Amazon Web Services (AWS) has announced the immediate availability of several new OpenAI models on its cloud platform, including a new generative AI agent service. The announcement came just one day after Microsoft agreed to end its exclusive rights agreement with OpenAI, opening the door for broader distribution of the technology.
The move marks a significant shift in the AI cloud market. For years, Microsoft held exclusive rights to host OpenAI’s frontier models on its Azure cloud infrastructure. That exclusivity ended following a reported agreement between Microsoft and OpenAI on April 3, 2025, which allowed OpenAI to offer its models on competing cloud providers.
What AWS Is Offering
On April 4, AWS revealed a slate of new OpenAI products now available on its platform. The offerings include access to OpenAI’s latest large language models, such as GPT-4o and GPT-4o mini, through the Amazon Bedrock managed service. AWS also introduced a new “AI agent” service that allows developers to build and deploy autonomous AI assistants using OpenAI’s technology.
The AI agent service is designed to perform multi-step tasks, such as managing business processes or interacting with external APIs, without requiring manual intervention at each step. AWS stated that the service will support both OpenAI’s models and other foundation models available on the platform.
Implications for the Cloud Market
The end of Microsoft’s exclusivity is widely seen as a victory for enterprise customers who sought multi-cloud flexibility. Businesses that wanted to use OpenAI’s models but were locked into AWS or Google Cloud previously faced significant integration hurdles. With OpenAI models now available across multiple clouds, customers can choose their preferred infrastructure provider.
“The exclusivity was a major pain point for many organizations,” said one industry analyst contacted by Delimiter. “Now enterprises can adopt OpenAI models without having to re-architect their existing cloud environments around Azure.”
AWS’s move is the first major distribution deal after the exclusivity ended, though Google Cloud is also expected to announce similar offerings in the coming weeks. Neither Microsoft nor OpenAI have commented publicly on how the revenue share will be structured under the new arrangement.
Technical Details and Pricing
AWS confirmed that the new OpenAI models are available immediately in the US East (Northern Virginia) and US West (Oregon) regions, with a global rollout planned for later this quarter. Pricing follows Amazon Bedrock’s standard pay-as-you-go model, with costs based on input and output tokens. Customers can also provision dedicated throughput for consistent performance.
The AI agent service is currently in preview. AWS has not announced a general availability date or final pricing for the agent offering. Developers can test the service through a free tier that includes 10,000 agent invocations per month.
Security and Compliance
Both OpenAI models and the agent service are integrated with AWS’s existing security and compliance tools. Data processed through the models stays within the customer’s AWS environment and is not used to train OpenAI’s base models.
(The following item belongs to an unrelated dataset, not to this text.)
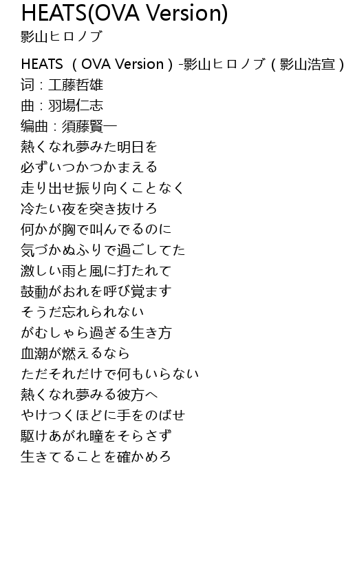 | [00:00.413] | HEATS (OVA Version)-影山ヒロノブ(影山浩宣) |
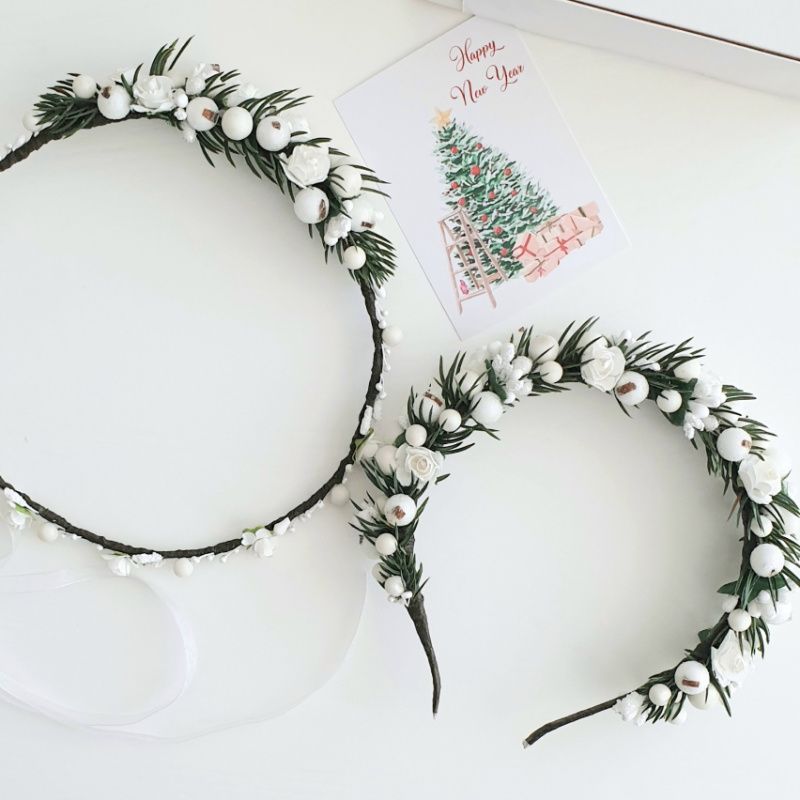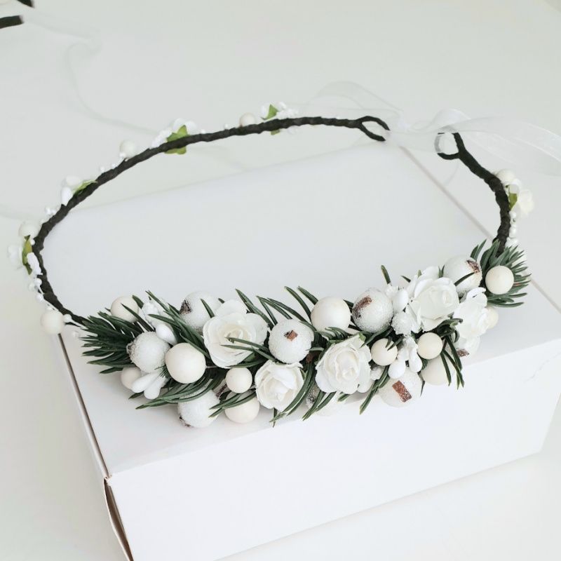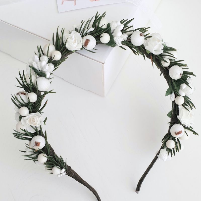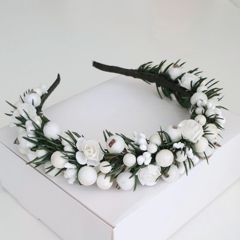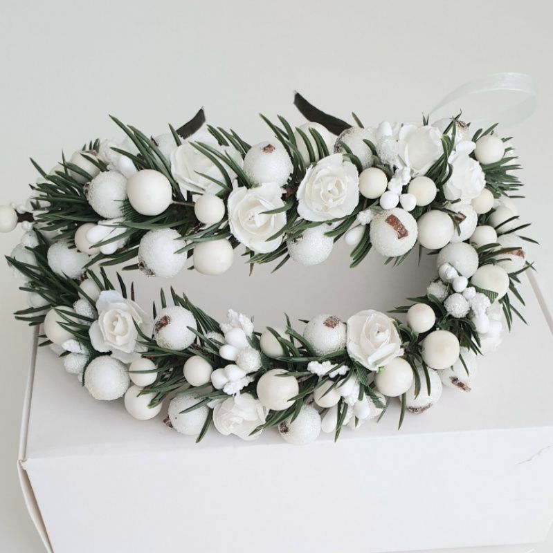 Новогодний белый обруч с елкой Венчик на одну сторону – 175 грн Обруч – 200грн

This addresses common enterprise concerns about data leakage when using third-party AI services.
Amazon Bedrock also supports guardrails and content filtering, allowing administrators to restrict the types of outputs the AI can generate. These controls are available for both the OpenAI models and other hosted models on the platform.
Reactions and Next Steps
Industry observers note that the AWS announcement could accelerate the commoditization of AI model access, driving down costs for enterprise customers. However, questions remain about how OpenAI will balance its relationship with Microsoft, which remains a major investor, against its new multi-cloud strategy.
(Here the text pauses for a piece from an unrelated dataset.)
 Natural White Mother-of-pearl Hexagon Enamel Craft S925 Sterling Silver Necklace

OpenAI is expected to announce additional cloud partnerships later this year. Meanwhile, enterprise customers are evaluating whether the new AWS offerings meet their latency, compliance, and performance requirements. The AI agent service in particular is seen as a competitive response to similar offerings from Google Cloud and Microsoft Azure.
Analysts predict that the next major development will come from Google Cloud, which is rumored to be finalizing its own OpenAI distribution deal. If confirmed, this would make OpenAI models available on all three major cloud platforms for the first time, fundamentally reshaping the enterprise AI landscape.